Memlekette ortalık karışmış, ülkenin her yerinde gösteriler, eylemler yapılıyor, halk polisle çatışıyor ve memleketin başbakanı böylesine kritik bir ortamda bir yurt dışı gezisine çıkıyordu. Kimsenin aklı almamıştı bu yurt dışı gezisini.
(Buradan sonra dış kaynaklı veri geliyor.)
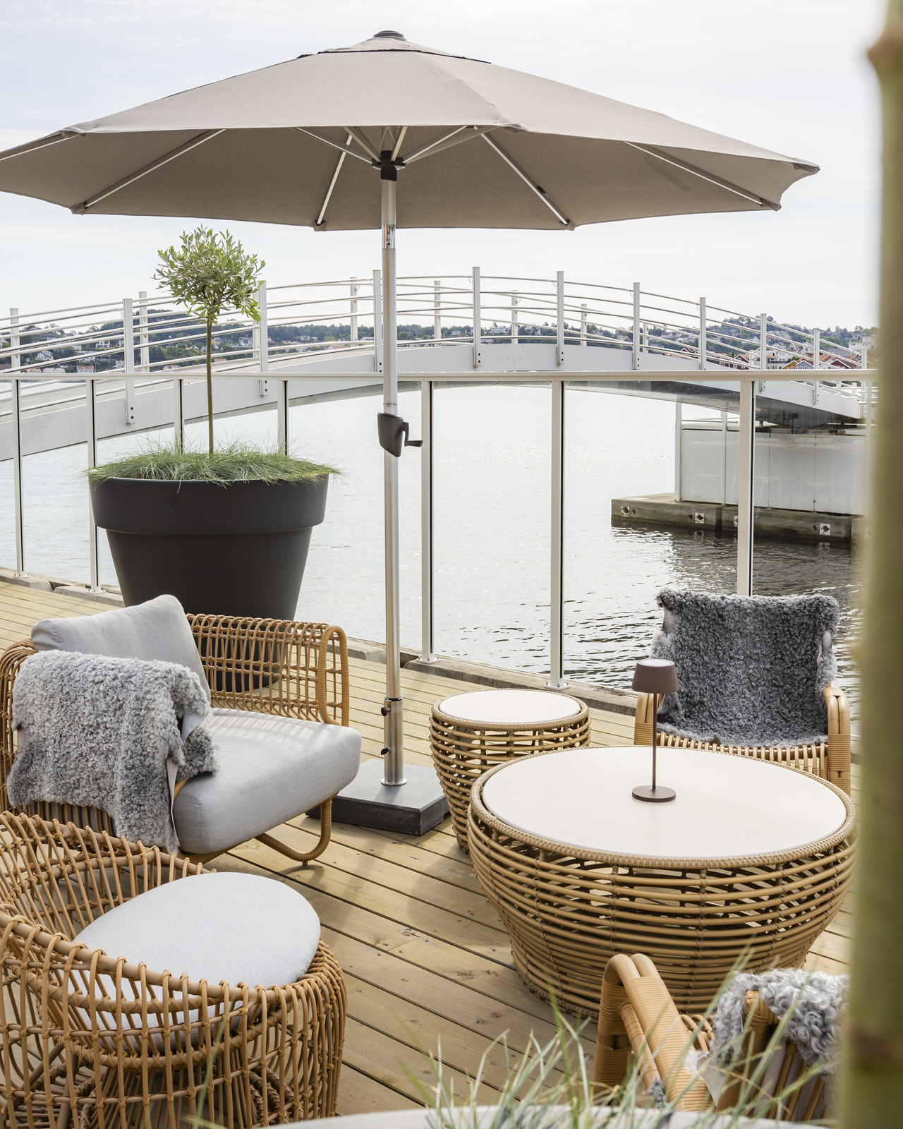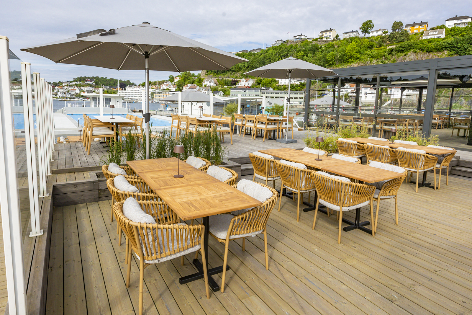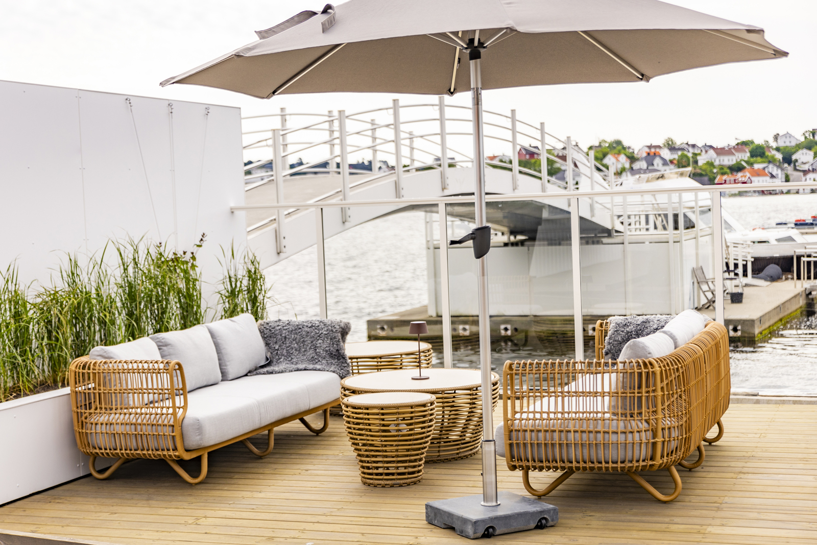 Vi har nylig hatt gleden av å samarbeide med Hill Marina for å skape en eksklusiv uterestaurant, potensielt Norges fineste gjestehavn. Målet var å levere møbler av høy kvalitet som både tåler tidens tann og gjenspeiler den høye standarden på maten som serveres. Vi valgte møbler som kombinerer estetisk eleganse med slitestyrke, noe som sikrer at uterestauranten fremstår innbydende og sofistikert over tid. Våre nøye utvalgte spise- og loungemøbler skaper en variert og komfortabel opplevelse for gjestene, enten de ønsker et formelt måltid eller en avslappet stund i solen.

Ülkemizin her ilinde Gezi Eylemleri yapılırken başbakanın Gezi sevdasının sebebi dönüşünde anlaşılmıştı. Bindirilmiş kıtalarla yapılan seri karşılama törenleri bir gövde gösterisine dönüştürüldü. "Milyonları evde zor tutuyorum" sözleri bu seri karşılama törenlerinin gazıyla söylendi.
***
Başbakan Gezi'de kaybettiği itibar ve oylarını gezi dönüşünde yaptığı gösterilerle geri çevirmeye çalışmış ve büyük ölçüde de başarılı olmuştu. Elbette bu başarıda yandaş medyanın katkısı gözardı edilemez. Başbakanın yol güzergahı üzerinde bulunan her yerleşim yerinde bir karşılama töreni hazırlanmış ve penguenci tv kanalları bu temaşaların hepsini canlı yayınla izlettirmişti ülkemize.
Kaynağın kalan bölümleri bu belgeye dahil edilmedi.